Paraffin-embedded samples were serially sectioned at 4 μm, mounted on gelatin-coated slides, dried at 60°C for 3 h. The sections were deparaffinized in xylene, rehydrated in a descending series of ethanol solutions, and then treated with 3% hydrogen peroxide for 15 min to quench endogenous peroxidase activity. Antigen retrieval was performed by microwaving the sections immersed in citric acid buffer (10 mM, pH 6.0) for 20 min, followed by 1 h incubation at room temperature. To block non-specific staining, we incubated sections with 10% normal goat serum. Next, primary antibodies for γH2AX and phospho-ATM Ser1981 were added, and the slides were incubated at 4°C overnight. After washing with PBS, corresponding secondary antibodies were added for incubation at 37°C for 30 min before reaction with diaminobenzidine and counterstaining with hematoxylin. Slides were then dehydrated and mounted. Positive controls were used for each of the antibodies (breast cancer tissues for γH2AX and phospho-ATM Ser1981), while in the negative controls the PBS was substituted for the primary antibody.

Images were captured using a Leica IM50 microscope at ×400, and five different fields for each index were selected in each sample.
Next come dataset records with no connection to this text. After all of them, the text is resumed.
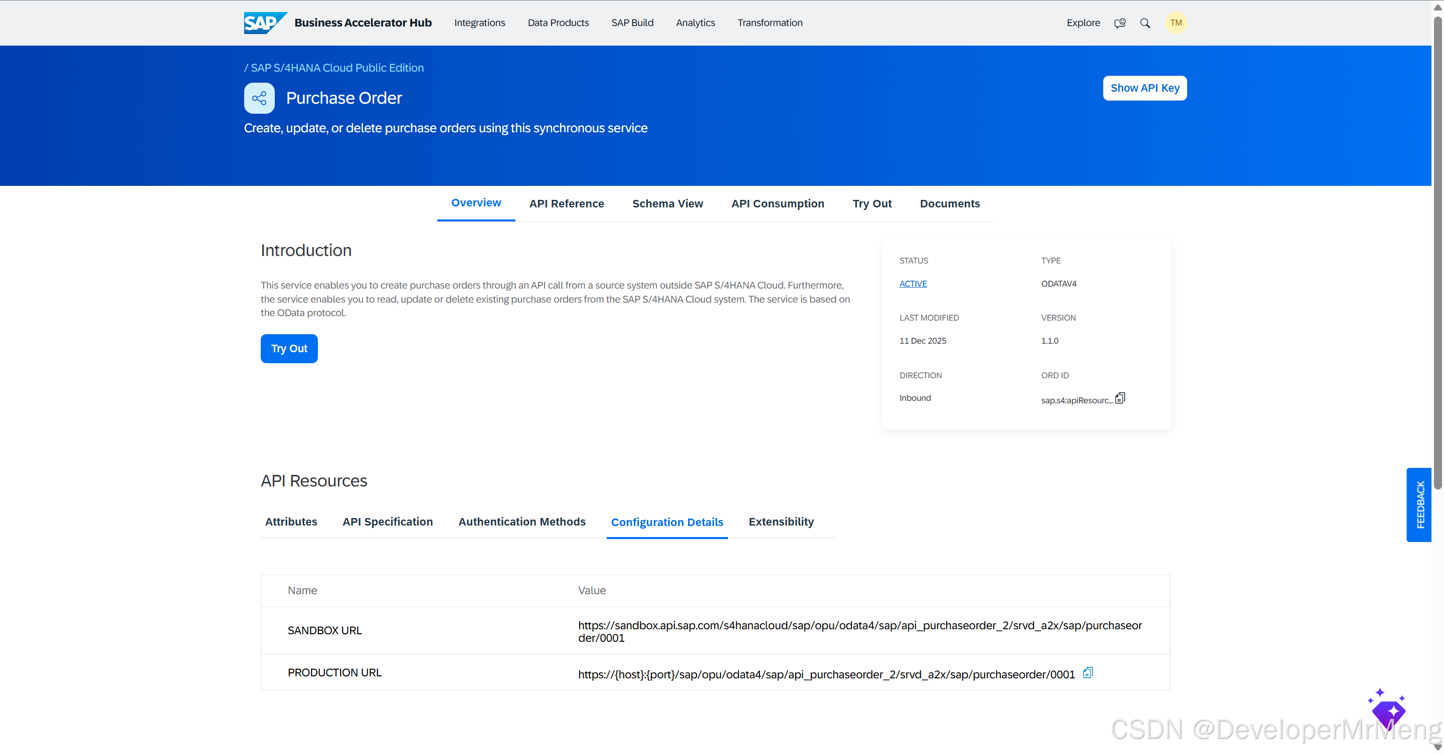 这里选择使用标准的采购订单的OData V4服务作为消费对象,也可以自行在api官方查找自己需要的标准OData服务:https://api.sap.com/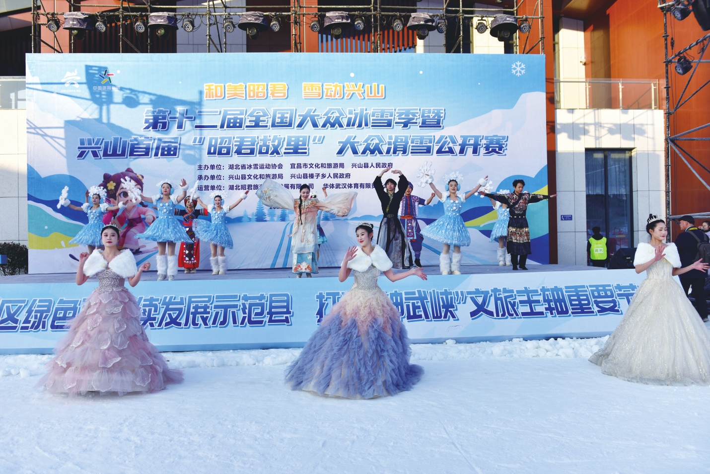 此次赛事以“和美昭君,雪动兴山”为主题,设了单板滑雪大回转、高山滑雪大回转及表演赛三大项目。赛场上,选手们踏雪飞驰,尽显速度与技巧;赛场外,六大特色展区同步开放,将昭君文化与冰雪运动深度融合,为赛事增添了浓郁的文化温度与烟火气息。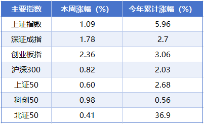 本周(7月7日至7月11日),A股三大指数延续涨势。截至周五收盘,上证指数累计上涨1.09%,深证成指累计上涨1.78%,创业板指累计上涨2.36%。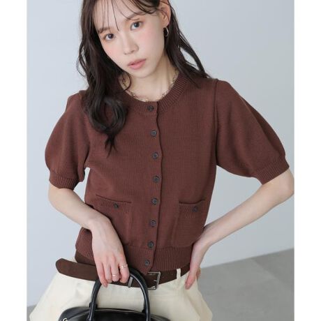 昨年ご好評いただいたカーディガンが、ディテールをアップデートして今年も登場!ボタンなど細部を見直し、コンパクトなサイズ感でよりスッキリとした印象に仕上げました。小粒ボタンとフロントのミニポケットがポイントの半袖デザイン。カラッとした糸で肌触りがよく、しっかりとした編地で型崩れしにくいです。袖のふんわりとしたフォルムもポイント。表面感のある編地で体のラインを拾いにくく、幅広いコーディネートに活躍。カーディガンとしてはもちろん、ボタンを留めてトップスとしても着回せます。デニムパンツ、ボリュームのあるボトムス合わせもおすすめです。※モデルの着用画像の場合、光の当たり具合により、実際の色味と異なって見えることがございます。色味は、商品単体の画像をご参照ください。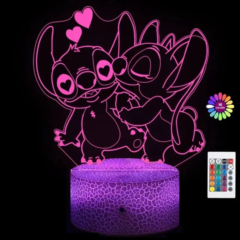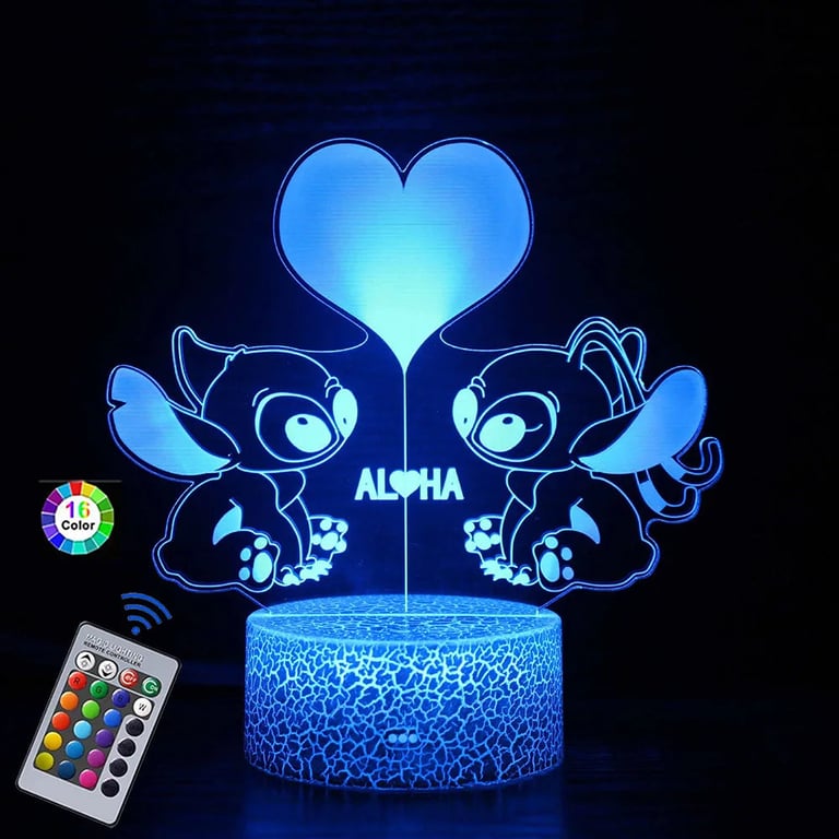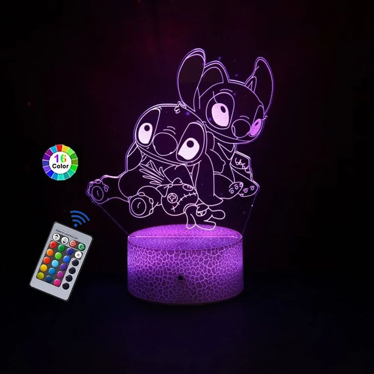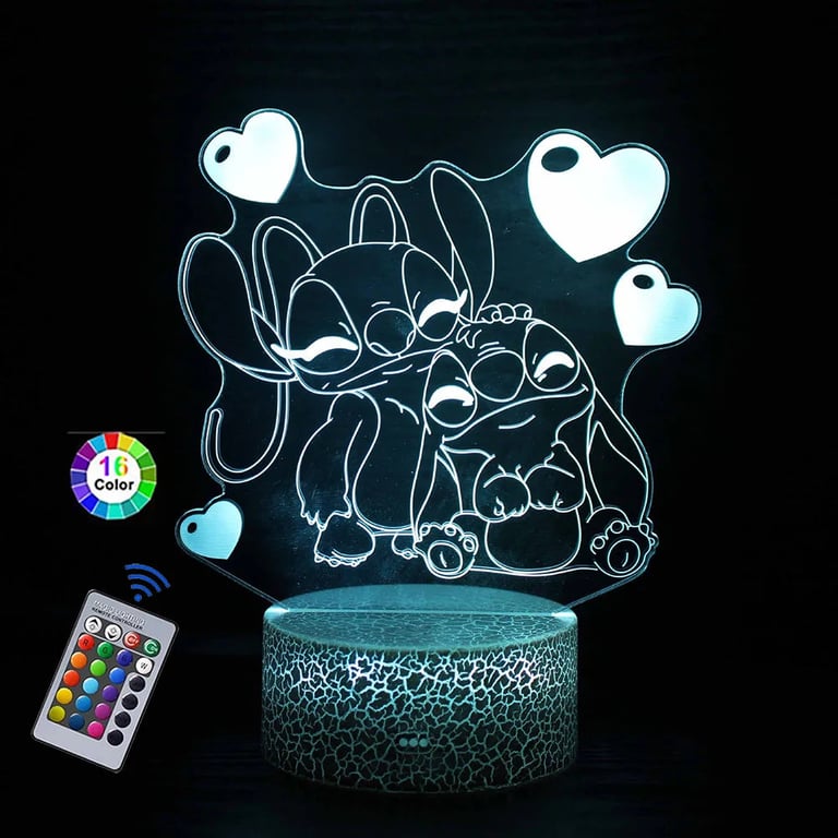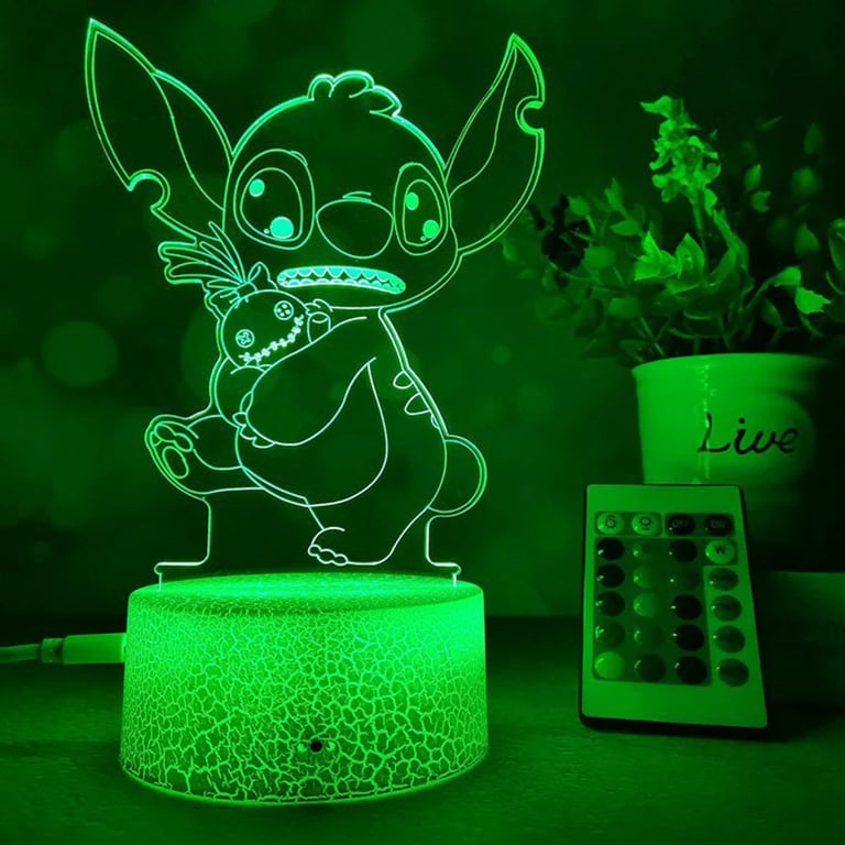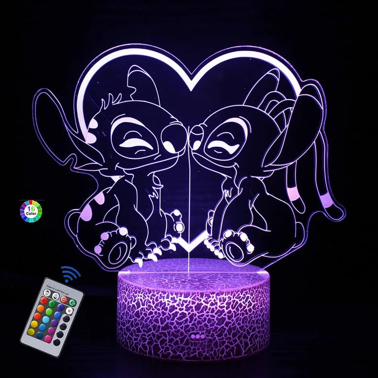 LED night lamp is a cute decoration with an engraved Stitch motif, which can be controlled by touch or remote control. The lamp can emit up to 16 colours, offers various lighting effects and can be powered via USB. The eye-catching acrylic panel with a Stitch drawing beautifully lights up a child's room, a bedroom or a desk.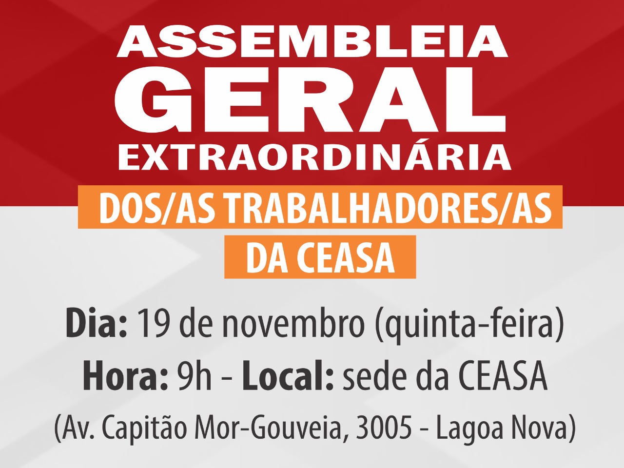 A direção estadual do SINAI-RN está convocando os/as trabalhadores/as da Ceasa para mais uma Assembleia Geral Extraordinária. O encontro está marcado para 19 de novembro (quinta-feira), às 9h, na sede da empresa, na Av. Capitão Mor-Gouveia, 3005 – Lagoa Nova.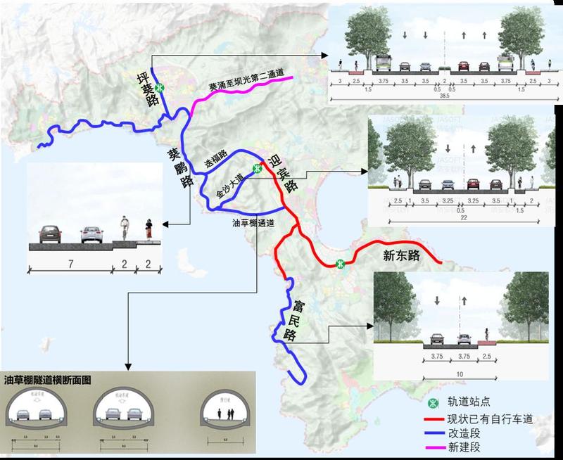 以打造东部滨海旅游公路为契机,加快环大鹏湾海岸公路慢行系统建设,推进宝石路、葵鹏路、油草棚隧道自行车道方案。

The number of positive nuclei and total nuclei in images was then counted with the application of Image Pro Plus (IPP) 6.0 software, and the corresponding labeling index (percentage) was computed as positive nuclei/total nuclei × 100%.

Western blot

Tissues were lysated in RIPA lysis buffer supplemented with protease inhibitor (Beyotime, China). Protein samples (50 μg) were denatured, separated by SDS-polyacrylamide gel electrophoresis and transferred to PVDF membranes. After blocking in TBS with 5% BSA, the membranes were incubated with primary antibodies against γH2AX (1:1000, Cell Signalling) and ACTIN (1:1000, Sigma Aldrich) overnight at 4°C. After washing, the membranes were incubated with corresponding secondary antibodies at room temperature for 1 h. The blotted membranes were washed and visualized using ECL reagents following the manufacturer's instructions.

Statistical analysis

All statistical analyses were performed using Statistical Package for Social Sciences (SPSS) 13.0 (SPSS Inc., Chicago, IL USA). One-way analysis of variance was used for labeling index analysis in multiple groups. The difference of labeling index between two groups was evaluated with t-test. A two-tailed P≤0.05 was considered statistically significant. All reported P values were two-sided.